Javita Thompson, a member of Elizabethtown College’s Senior Leadership Team and Director of the Center for Community and Civic Engagement, started her journey in a different way. Thompson left college at 19-years-old and returned years later after having two kids, a husband and a mortgage. She reached the decision to return to school after evaluating what she enjoyed most at her job, which was the community engagement components.
“I loved connecting people. I like programming. I like being out in the community and doing community service. I loved building relationships. I need that job.”
She went on to complete her undergraduate degree in communications from Millersville University in only two years. Thompson attended classes all the way through from that first summer back to her final spring semester two years later. Her final semester consisted of two courses, an internship and a graduate course her mentor recommended.

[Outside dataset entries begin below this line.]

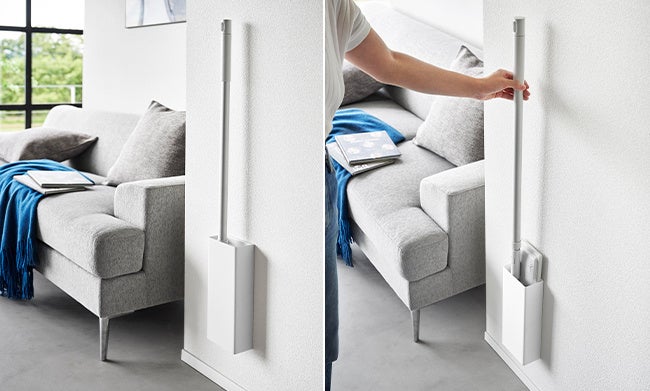 置き場所に困るフローリングワイパーを石こうボードピンで壁に浮かせて収納。
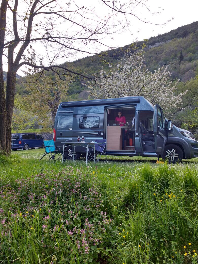 Da der Campingplatz in Sospel eigentlich nur ein Betonplatz neben der Sporthalle ist, gehts erst mal nur durch das schöne Städtchen durch und 4km weiter zum wunderschönen Domaine Sainte-Madeleine Campingplatz (20,40€), wo praktisch gar nichts los ist. Kein Plan wieso, wir fühlen uns wie in einem herrlichen großen Garten!
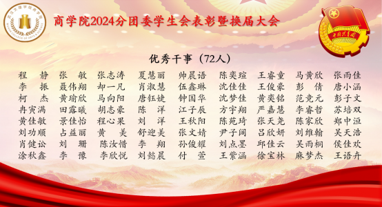 优秀干事(72人):程静、张敏、张志涛、夏慧丽、帅晨语、陈奕瑄、王睿童、马黄欣、张雨佳、李振、聂伟翔、却一凡、肖淑慧、伍鑫林、沈佳佳等72人
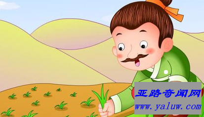 故事讲的是宋国有一个农夫,他担心自己田里的禾苗长不高,就天天到田边去看。可是,一天、两天、三天,禾苗好象一点儿也没有往上长,他十分焦急。一天,他终于想出了办法,急忙奔到田里,把禾苗一棵棵地拔,从早上一直忙到太阳落山,弄得精疲力尽。
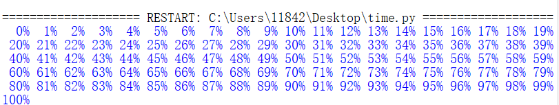 但上述代码在IDLE中运行,并不是单行刷新的效果,而是所有信息都被展示出来。因为IDLE为开发环境,为了保证其中参数运行的效果,将 \r 功能屏蔽掉了

This pushed Thompson to pursue her master’s degree in emergency management.
“I was going to be doing crisis communication because this was very soon after Hurricane Katrina,” Thompson said. “The things that were shown [on television] were vulnerable people who needed food and medications, looting places when it was a survival method when we didn’t do our part and that we could have done a better job…. I want to be that person to really put a different spin on what was happening at that time, in that space.”
Someone who inspires Thompson is, Liz Ackerman, current executive director of Northern Lancaster Chamber of Commerce, who worked for Junior Achievement of Central Pa while Thompson started volunteering. Throughout her years there, she watched Ackerman steer the young people they mentored in the right direction.
Ackerman created a program with Junior Achievement that bused female high school students from several places to Elizabethtown College. These young women would sit at round tables to discuss career aspirations, what volunteers at Junior Achievement were doing with their careers, professional demeanor and much more.
On top of her work with Elizabethtown College and Junior Achievement, Thompson has worked in a variety of other roles including Leadership Lancaster, United Way of Lancaster County’s Impact Committee, graduate assistant at Millersville University and a professional staff role at Shippensburg University. “The journey of being in higher education and the work that comes along with it is super rewarding and it makes you really appreciate what you do.”
Thompson, leaves young women getting into nonprofit work this advice: “Grab a friend and go and do something. Get involved in some way, volunteer in some way. Whether it’s at a shelter or a food bank or an animal shelter. Whatever the vision turn it into an opportunity that could really turn into something more.”